My sophomore year in high school, all awkward 70 inches of me figured I'd be a shoe-in for volleyball. Apparently I couldn't bump, set, spike it just they way the liked it, because I didn't make the team and was left to lick my wounds (or groan about my sore quads) in the remainder of my summer job at the health-food Mexican Restaurant where my older sisters worked. I had the super-glam job of prep-cook and Taco Bar filler-upper. But then school started, and I found what my parents already knew; I am not good with having a lot of free time. Since most of my friends were clearly better bumpers than I, it would be a long, lonely season if I didn't find something else to do. Enter Cross-Country.
The Cross-Country coach at our school was a bit of a legend, the toughest English teacher I've ever had (including college) and he was nothing if not a straight shooter. He embraced my Athena bod and welcomed me aboard. I had the insane good fortune to get to be part of a State Championship team for three years. Points that I contributed to that feat during meets? Zero. Percentage that that fact made me less a part of the team? Zero.
Basketball season started just a week after cross-country ended and I found that the sprints and line drills were suddenly easier than they'd been the year before. Huh.
Throughout college, I dabbled in running, and then started an uber-stressful career in Child Welfare, got married, moved away from home for the first time, continued stressful career, enjoyed waaaay too many lunches out, had a baby, got fat, moved cross-country, had another baby, got fatter.
After coming to the realization that every mirror, window and camera lens that I passed probably was incapable of adding the number of pounds it would take to make me look so terribly puffy and distorted, I resolved that I'd had enough. When the boobs are almost eclipsed by the gut in profile, it's a sad state of affairs.
Through a crazy turn of events I joined dailymile and a mom with a similar goal (to finish a 10k by the summer) who was also a knitter told me about a running group that was starting at the Y where we lived in Massachusetts. The rest is history. I joined the group, had a ridiculously supportive and positive coach, made amazing friends and in just three short months, I'd finished my first half-marathon and lost thirty pounds. Just in time to pack it all up and move back to the West Coast...and do a second half-marathon in Oregon the next month.

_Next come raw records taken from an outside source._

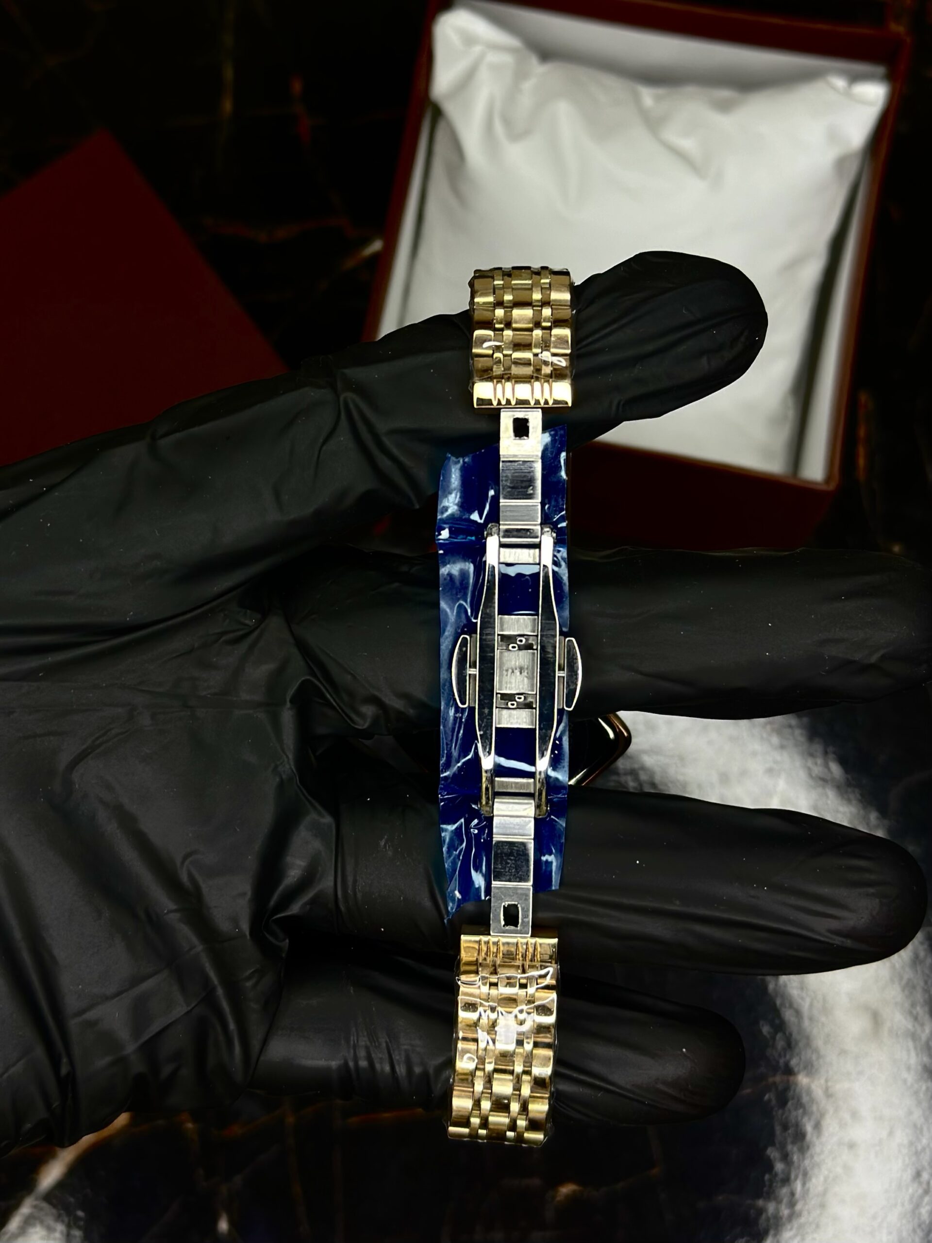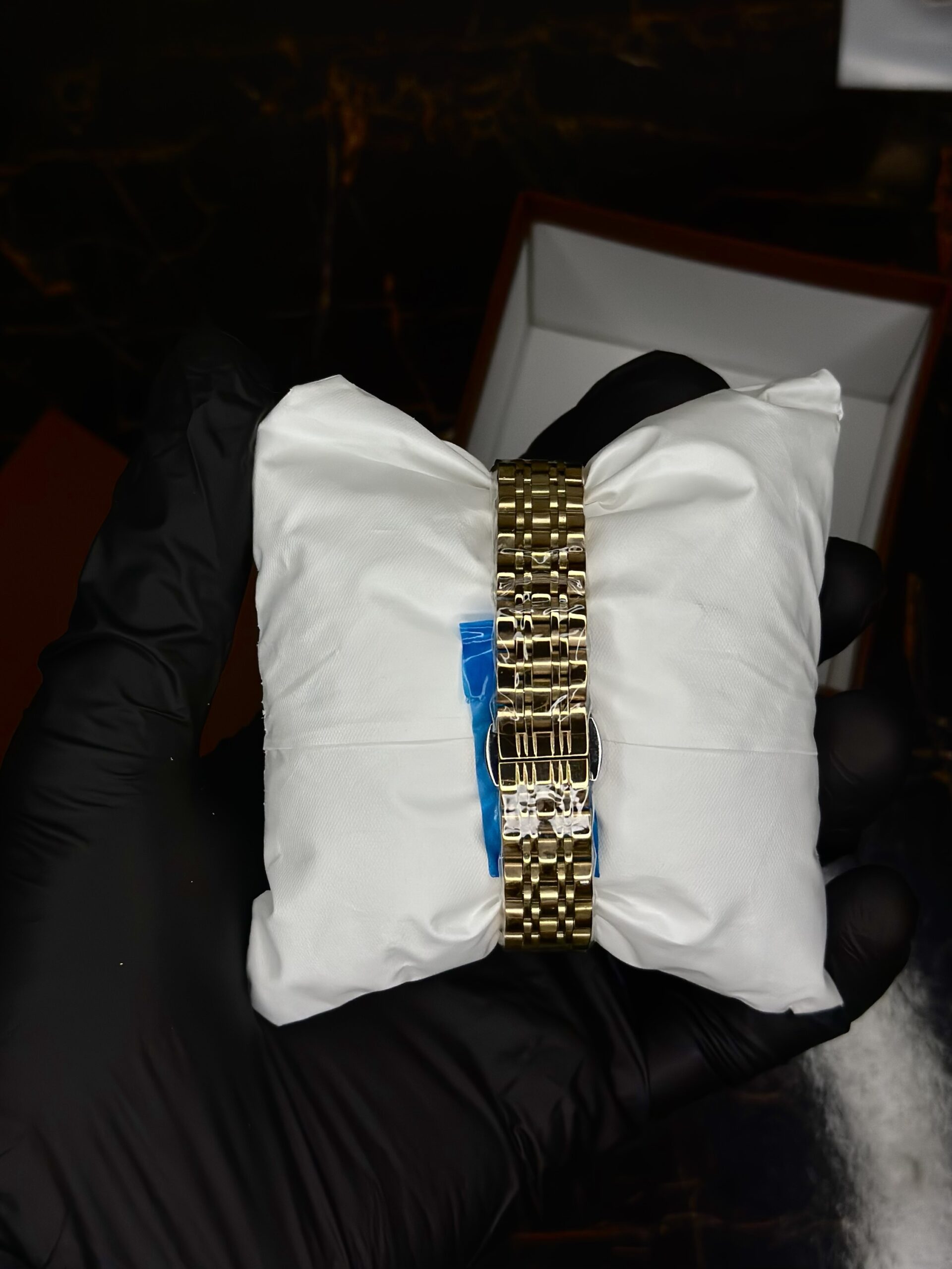 A bold square-rotated timepiece with a striking emerald green dial, golden accents, and a polished link bracelet, blending elegance with modern geometry.
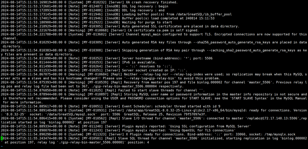 $ /data/app/GreatSQL-8.0.32-25-Linux-glibc2.17-x86_64/bin/mysqld_safe --defaults-file=/data/my5506.cnf --user=greatdb &
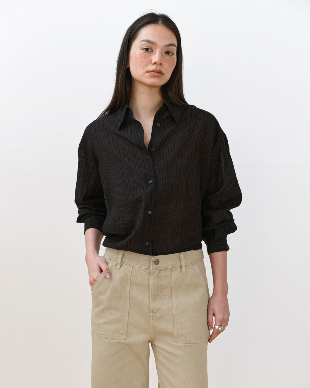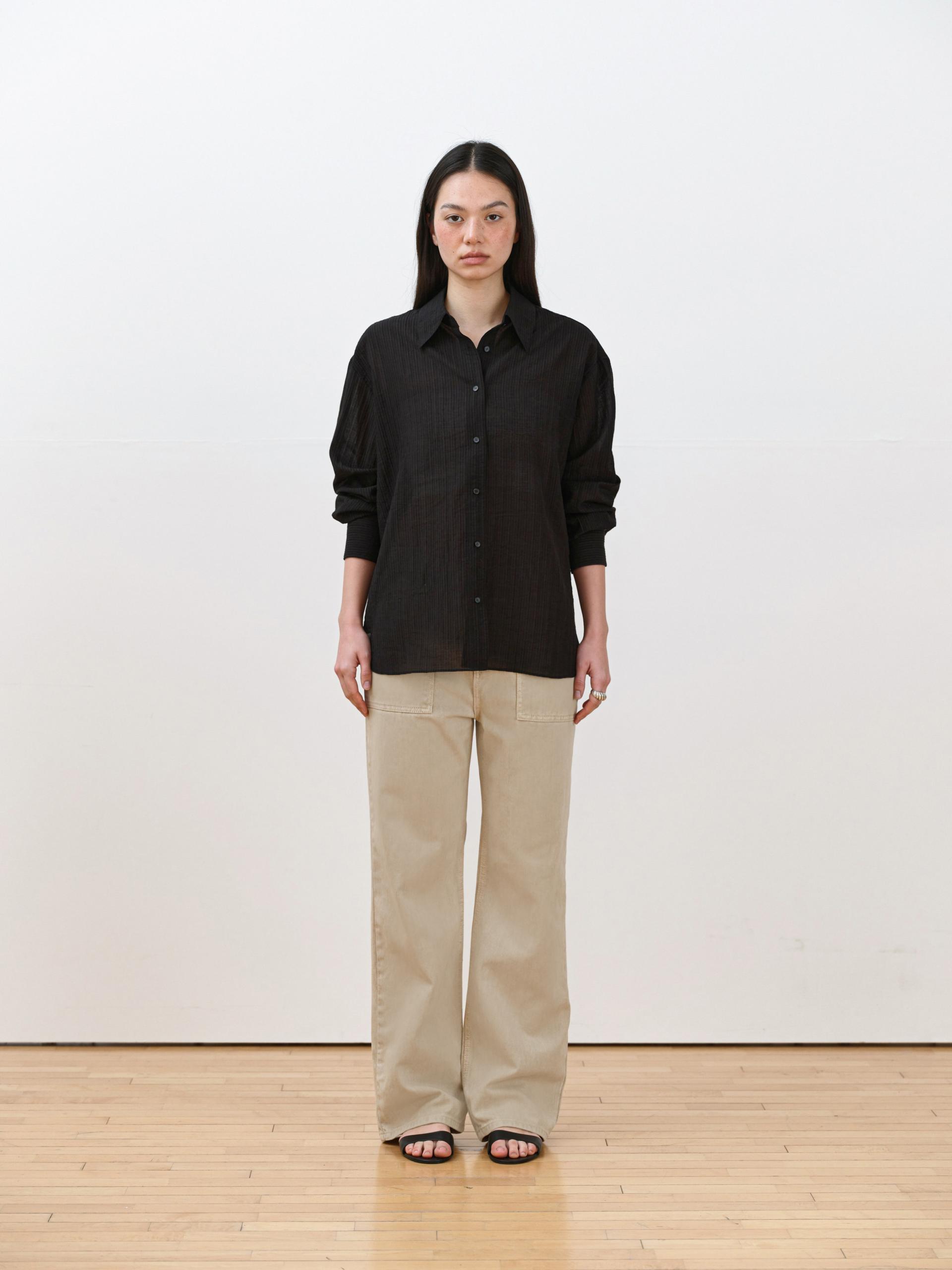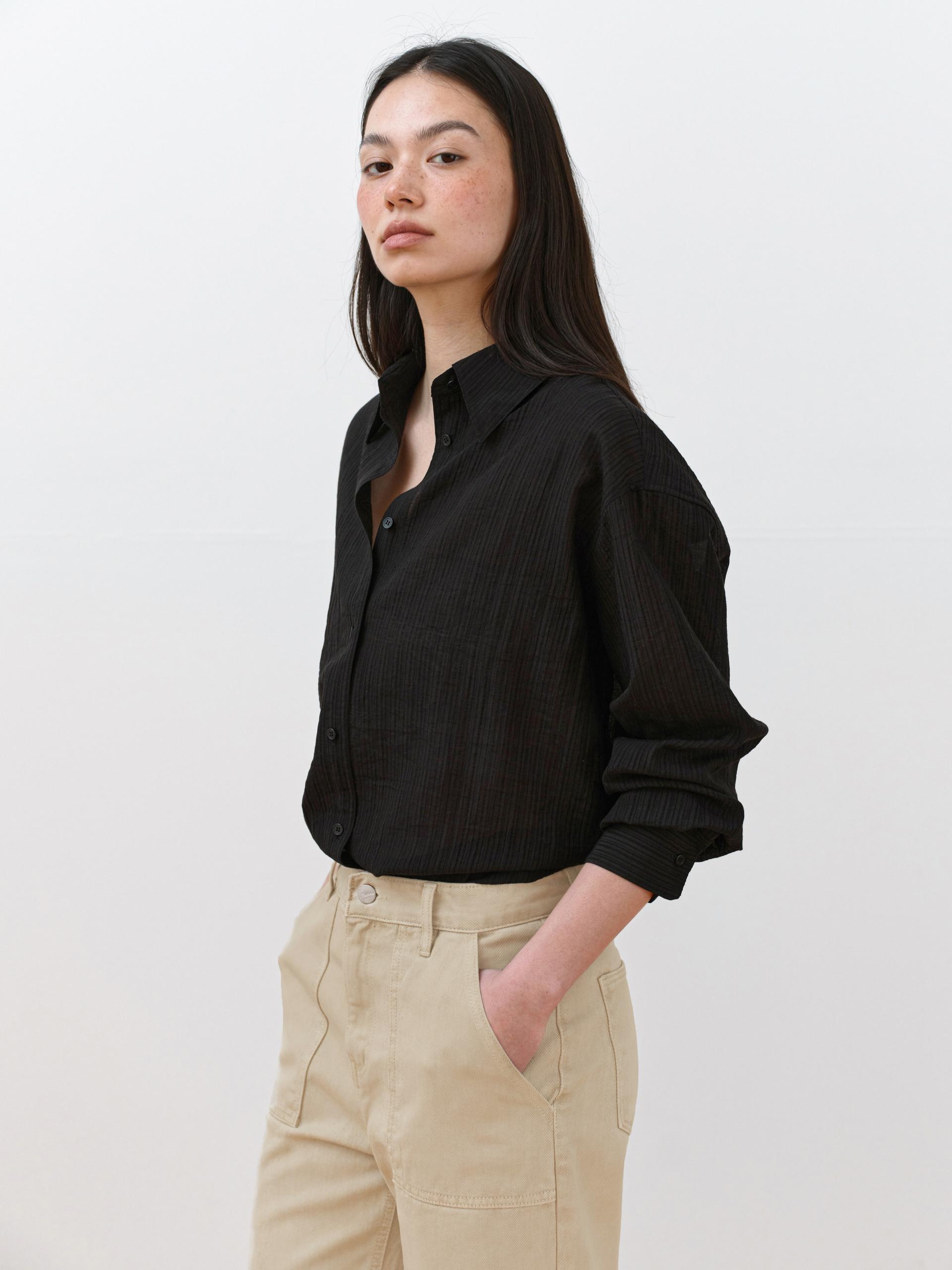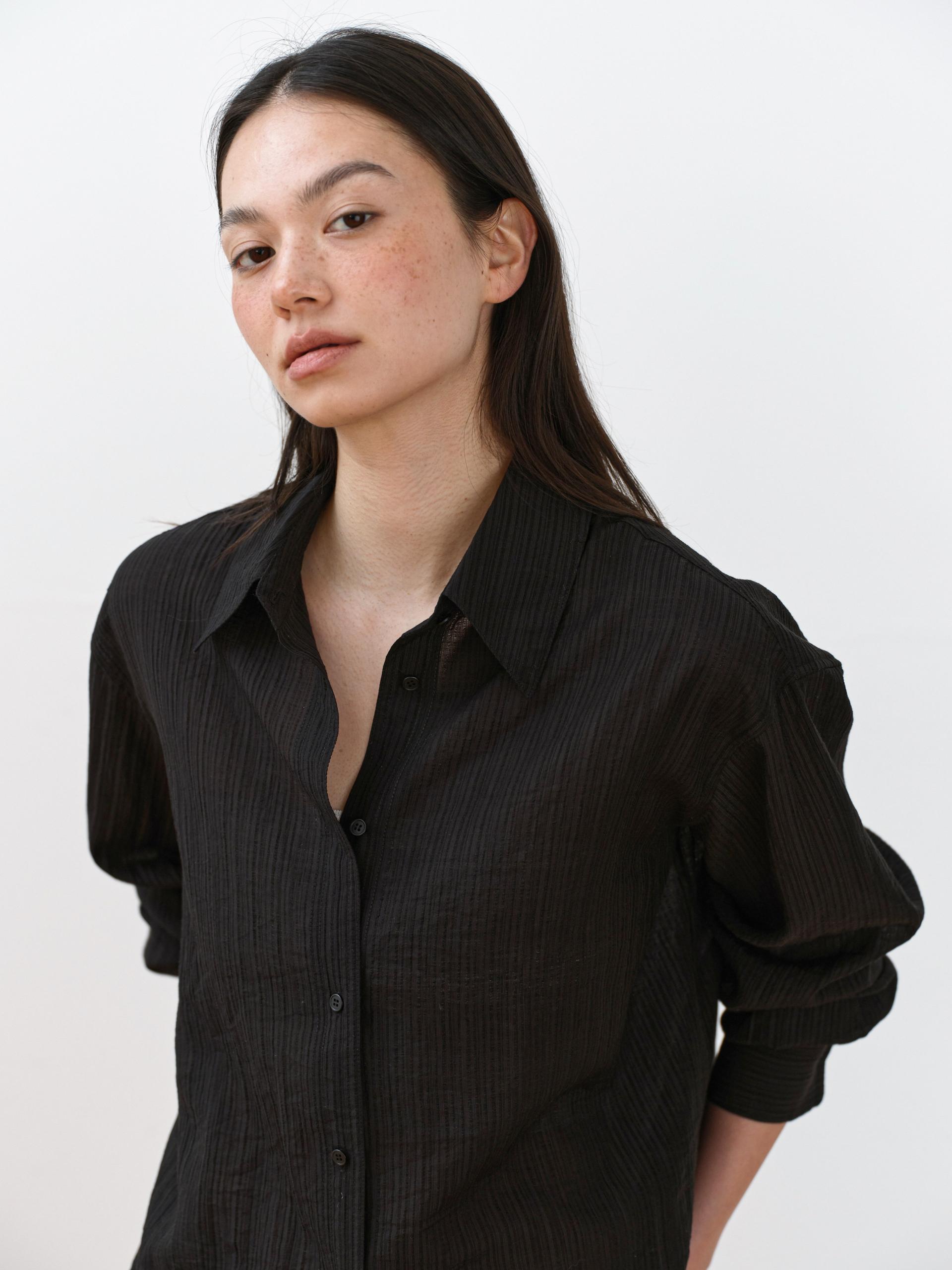 A refined shirt featuring a naturally sheer texture combined with a subtle striped pattern.
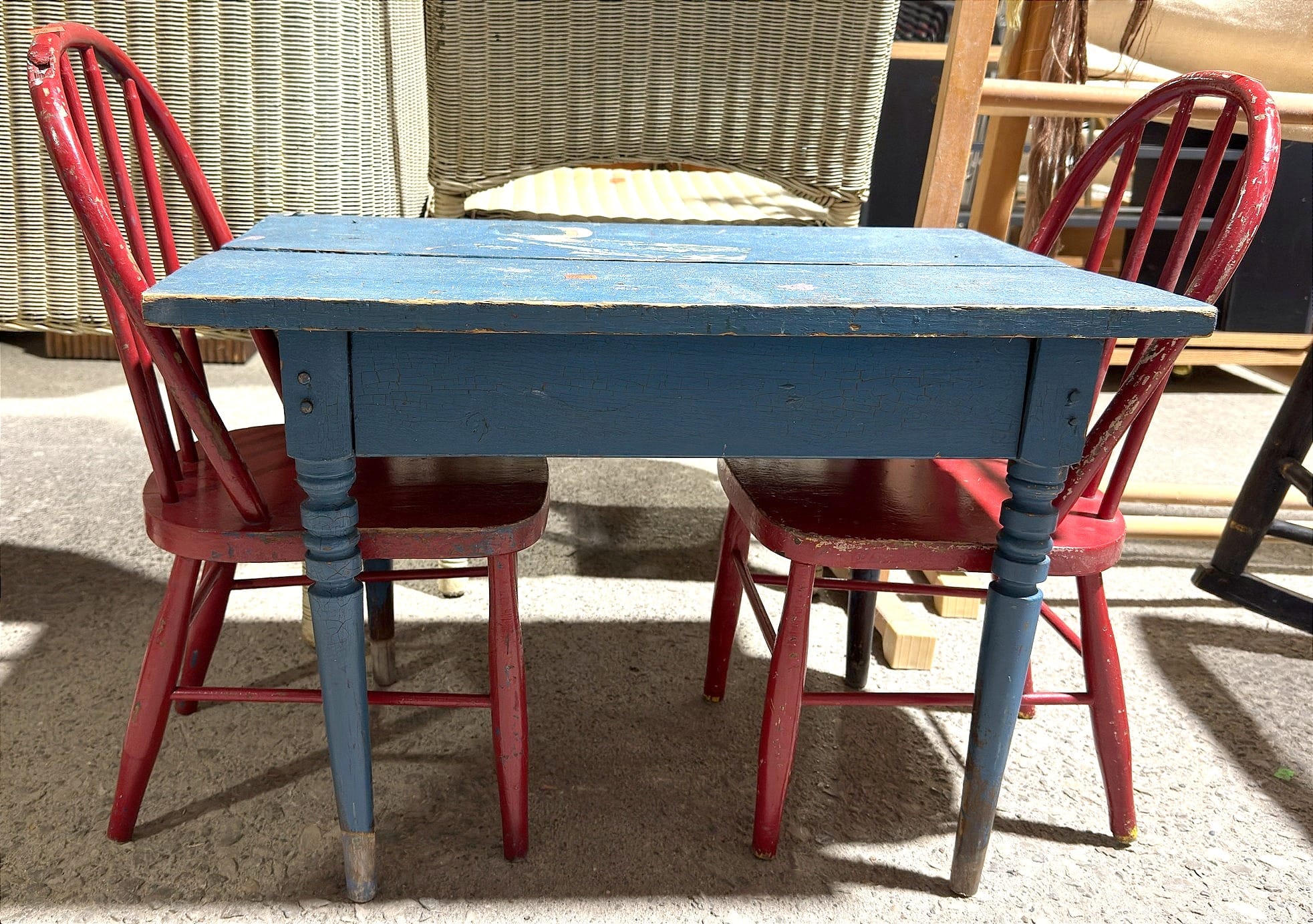 3250 Primitive Painted Child’s Table & 2 Chairs 24x16 1/2x17
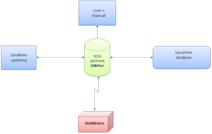 The digital platform was developed in the PHP programming language (interpreted programming language), a free software with support to connect to a variety of databases such as MySQL, PostgreSQL, mSQL, Oracle, and to design and layout HTML5 and CSS3 web interfaces, as well as different frameworks that make use of these technologies. The platform can be accessed from any Internet browser such as Microsoft Internet Explorer, Google Chrome, Mozilla Firefox or Safari. SiBiFor can be accessed through the link http://conafor.gob.mx/sibifor. The platform was designed considering the same central structure of AloMéxico, an allometric biomass model database, to allow compatibility with this system and the exchange of information between the two applications.
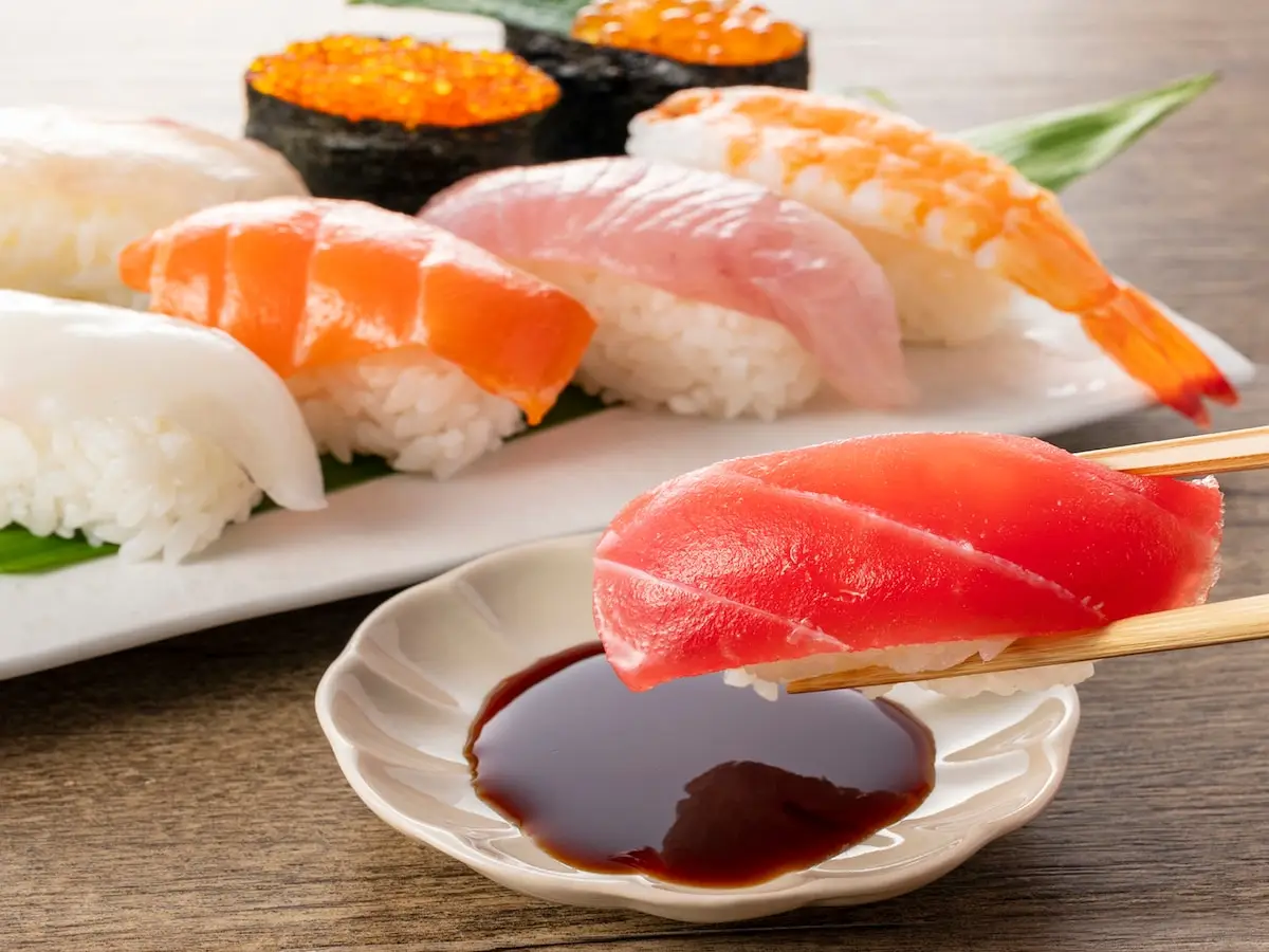 お寿司は食べるお店によってネタや酢飯の大きさが異なります。一般的なネタの重量は約5~15gで、摂取できるタンパク質は約1.5g~3.0gです。男性であれば8貫、女性なら6貫を食べると、タンパク質の推奨量を摂取できます。しかし、酢飯には砂糖が使われていることや、つい食べ過ぎてしまいがちなことから、摂取エネルギー量が多くなる傾向にあります😣

It doesn't matter that I'm still a fatty, because I own the size I am now, knowing that I'm working and making changes in my daily life to make it better. And, I'm less fat than I was before. I've registered for my first full-marathon and the first official day of training was yesterday. On June 4th, I fully expect to have put in the time and miles to allow me to cross the finish line, with a smile (maybe a grimace?), of the most daunting physical feat of my entire life. Yes. Including birthing nine plus pounds of child.